É aqui, porém, que a teoria e a prática se separam. Por mais que o sistema soe estratégico na descrição, o combate é leve e fácil demais. Os inimigos esperam tempo demais a própria vez de atacar, e o desenho todo tem um atalho que encerra cada confronto rápido: uma aparada muito simples seguida de uma finalização que mata na hora, ou um único tiro de pistola que dissolve qualquer guarda antes que a suposta adaptação signifique alguma coisa. Como o jogo é fiel ao original, os combos são limitados. Agarrões, quedas no chão e o puxão do dardo adicionam uma variação leve, mas o revólver resolve quase tudo antes que ela importe.
Um incômodo que persistiu foi a resposta dos comandos. Aparadas, ataques e até o simples ato de sacar a arma vinham com um leve atraso, um descompasso entre apertar o botão e ver Edward reagir que atrapalha justamente nos momentos que dependem de tempo preciso, como as aparadas. Não chega a quebrar a experiência, mas tira parte da fluidez que um combate assim pede.
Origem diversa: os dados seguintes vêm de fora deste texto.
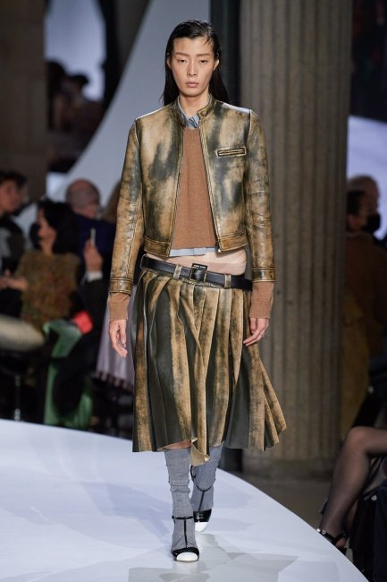 Miu Miu весна-лето 2022Миучча представила байкерские куртки и в коллекции Miu Miu. Среди бежевых ультра-мини-юбок и укороченных джемперов серого цвета появилась приталенная кожаная куртка с эффектом потертости и плиссированная миди-юбка из такого же материала. Пожалуй, только самые смелые поклонницы Miu Miu оседлают мотоцикл в таком ансамбле.
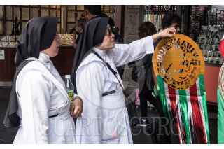 CIUDAD DE MEXICO. 04SEPTIEMBRE2018.- Dos monjas realizan compras referentes a la celebración de las fiestas patrias, en un puesto ambulante en el Zócalo capitalino. FOTO: MARIO JASSO /CUARTOSCURO.COM
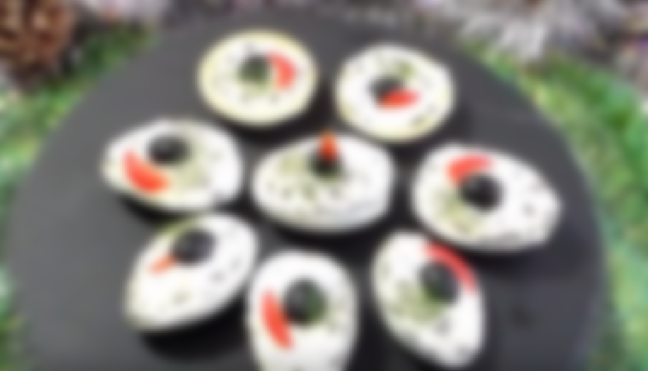 - Еще одна «симпатичная» анималистическая идея — пчелы из черных и зеленых маслин. Разрежьте ягоды поперек на колечки, чередуя черные и зеленые, соберите тельце пчелок, выложите на фаршированные яйца. Усики можно сделать из укропа.
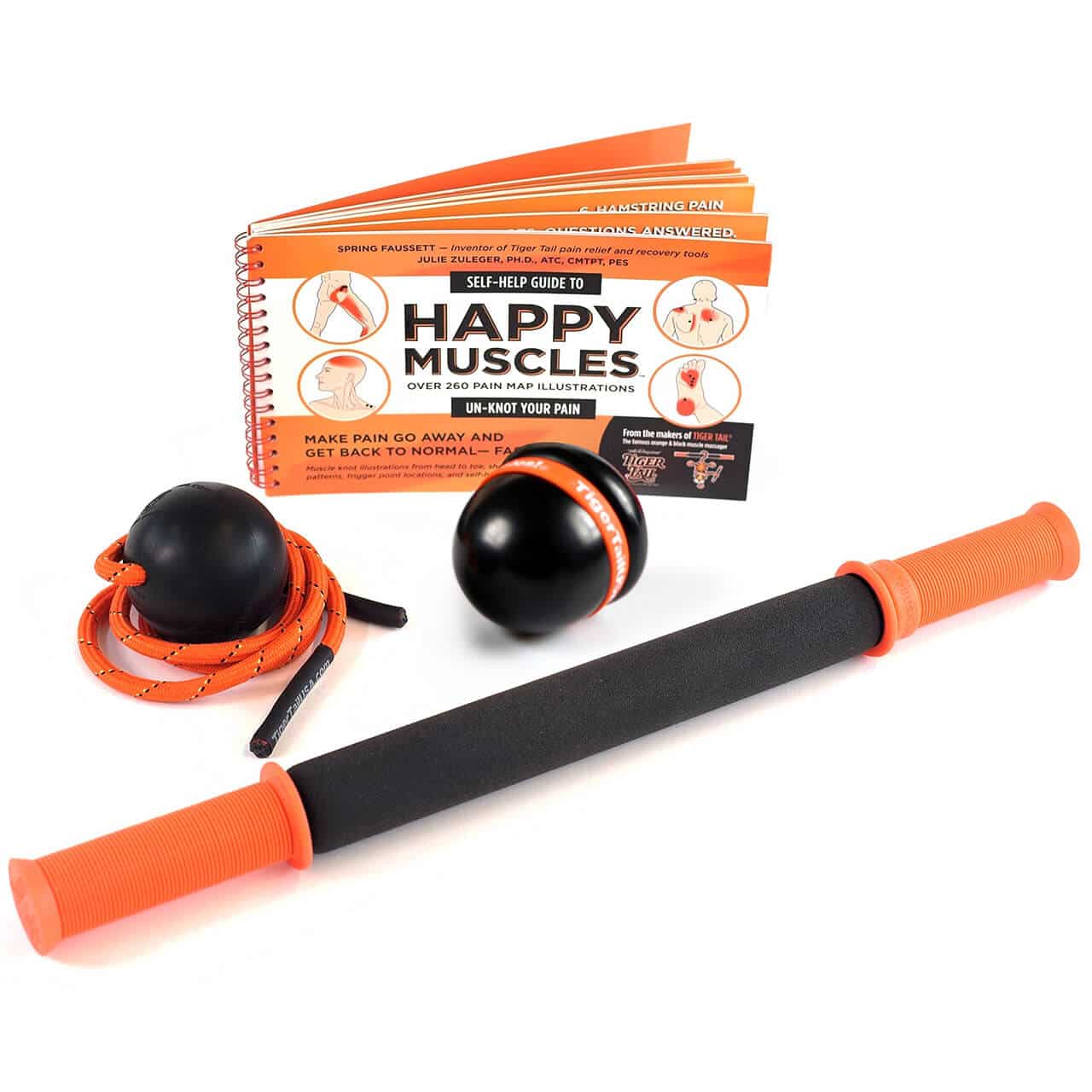 The Happy Muscles Kit plus 18″ includes 4 amazing tools to massage your body from head to toe, help relieve sore muscles, soothe stress and tension, and recover. The kit includes The Original™ 18” Foam Roller Stick, Tiger Ball® 2.6 Massage-on-a-Ropes, The Knotty Tiger® Pro Handheld Massager, and Happy Muscles® Book.
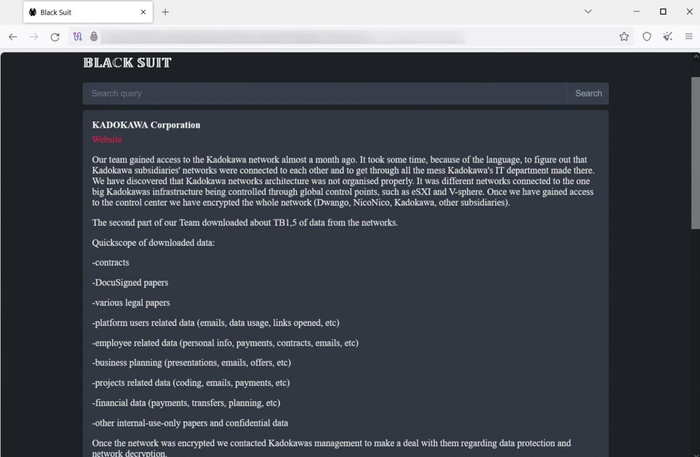 黑客组织 BlackSuit 宣称为 niconco / 角川集团网络攻击事件负责,未付清赎金将公布 1.5T 机密文件
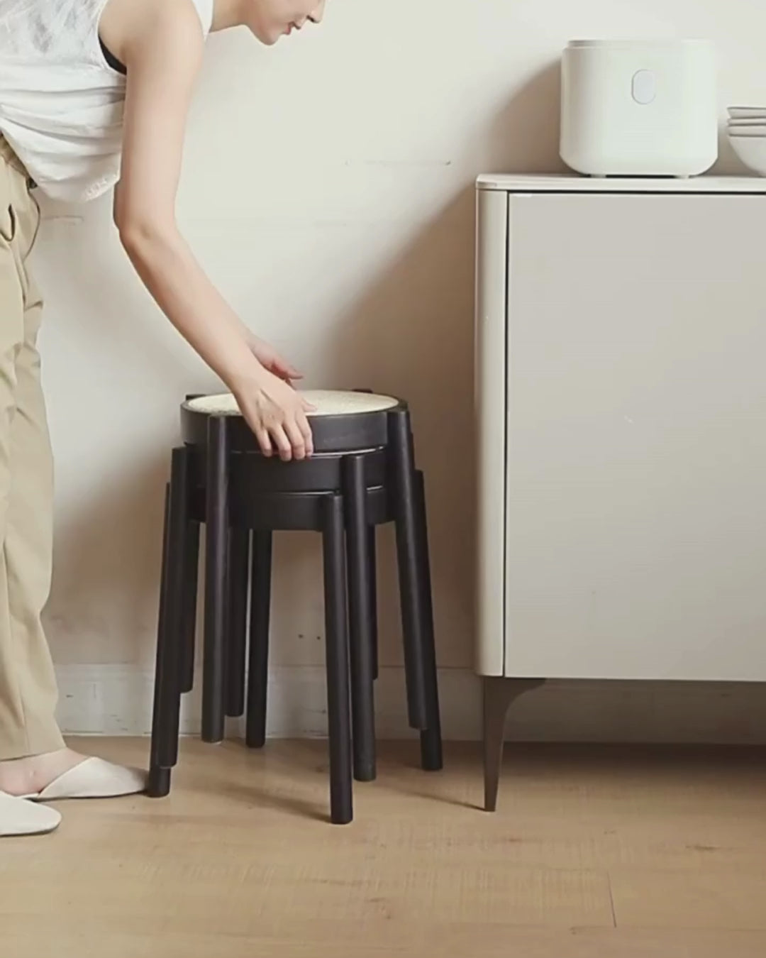 Smoked color + rattan, not dull dark color Rattan seat surface, comfortable and breathable Solid wood frame, strong and durable Stack up, up to 10 Friends get together without fear of no seat Lightweight and easy to carry, you can put it anywhere Living room, bedroom, everywhere you can find TA~
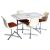 Oskar Winkler - Centa Europa - A West German 1960's retro vintage kitchenette / bistro dining suite comprising of a Formica topped table having a kitsch design to top raised on chromed splayed legs with central stretcher. Along with a set of four polypropylene chairs having crimson upholstered seat pads, all being raised on chrome supports and a four point star base. Moulding marks for maker to base of plastic seat. Measures; 73cm x 120cm x 67cm.
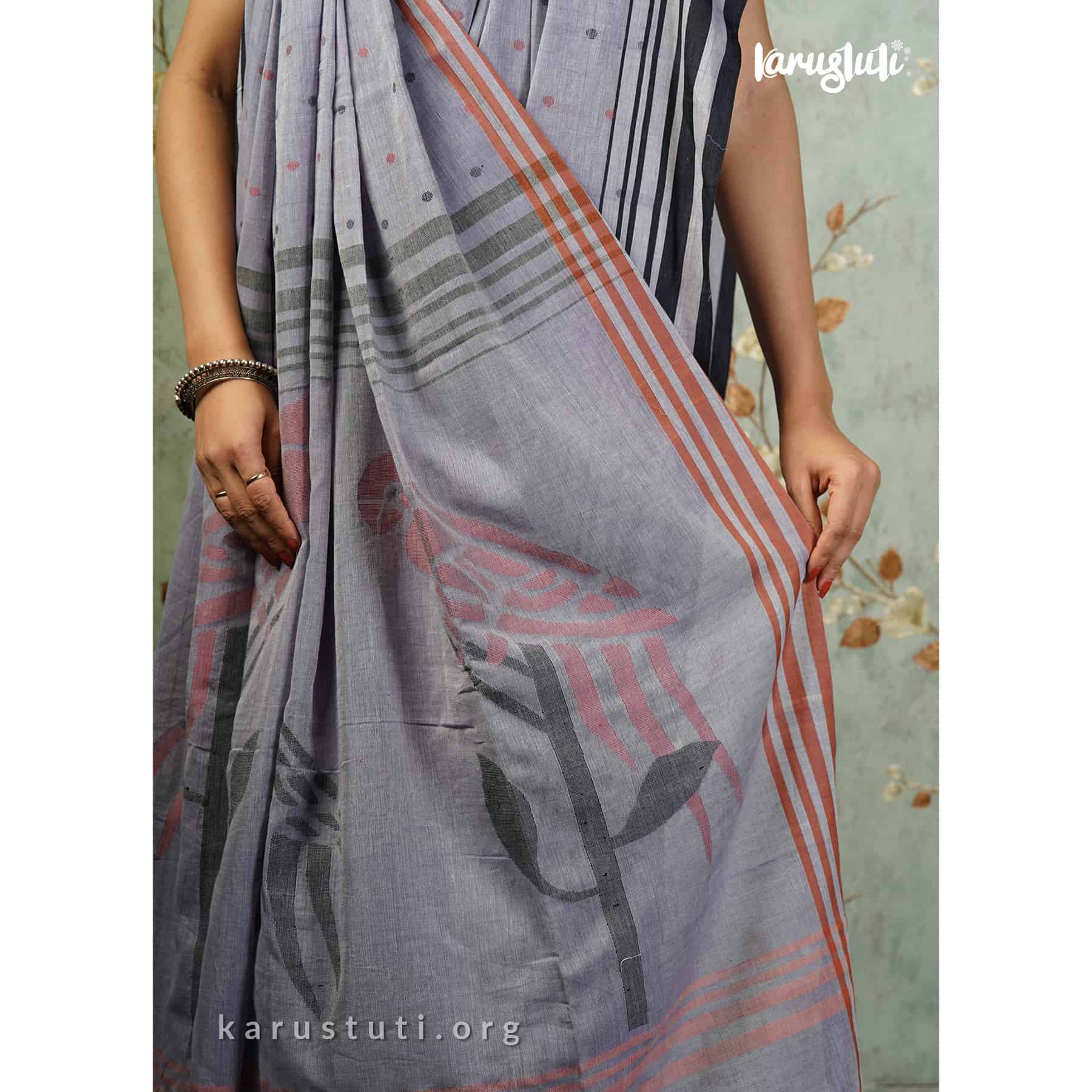Soft handspun cotton body buta and jamdani pallu. Handmade breathable classy drape for all occasions.
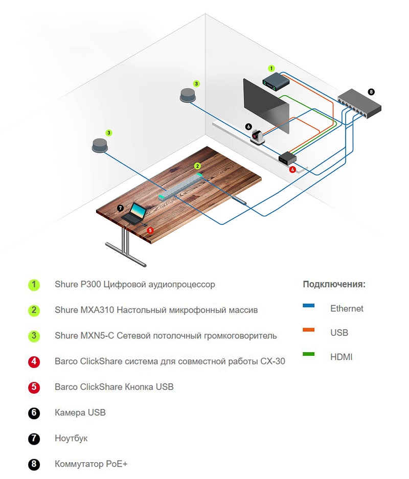 «Ваши клиенты, будь то студенты или руководители коммерческих структур, за счет использования высококачественных беспроводных микрофонов от Shure и конференц-системы от Barco ClickShare будут чувствовать себя так, как будто они находятся в одной комнате с собеседником», - сказал Пол Гуниа, технический директор партнерство в Shure.
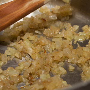 While the rice cooks, caramelize the onion: Heat the oil in a large skillet over medium heat until shimmering. Add the onion, salt, pepper, and allspice and cook, stirring frequently, until the onion is caramelized, about 10 minutes (fig. 3.1). Remove the skillet from the heat and set aside.

Nada disso o torna ruim. É um combate divertido para quem quer um desafio descompromissado, e quem sentia falta do toque clássico da série, cansado de inimigos que funcionam como esponjas de dano, tende a gostar bastante do que encontra aqui. Só que quem espera mais complexidade e profundidade mecânica provavelmente vai terminar cada luta com a sensação de que faltou resistência do outro lado.
Parkour
Se o combate foi reformulado, o parkour foi refinado. A meta é preservar a movimentação responsiva do Edward original e deixá-la mais ágil e precisa, seja saltando pelos telhados coloridos de Havana, pelas selvas indomadas do Caribe ou pelos andaimes rústicos de Nassau. O foco recaiu sobre a resposta e a liberdade de escolha, com um punhado de adições ao repertório: salto manual, ejeções laterais e traseiras, impulsos que ganham altura e transições mais rápidas entre um movimento e outro.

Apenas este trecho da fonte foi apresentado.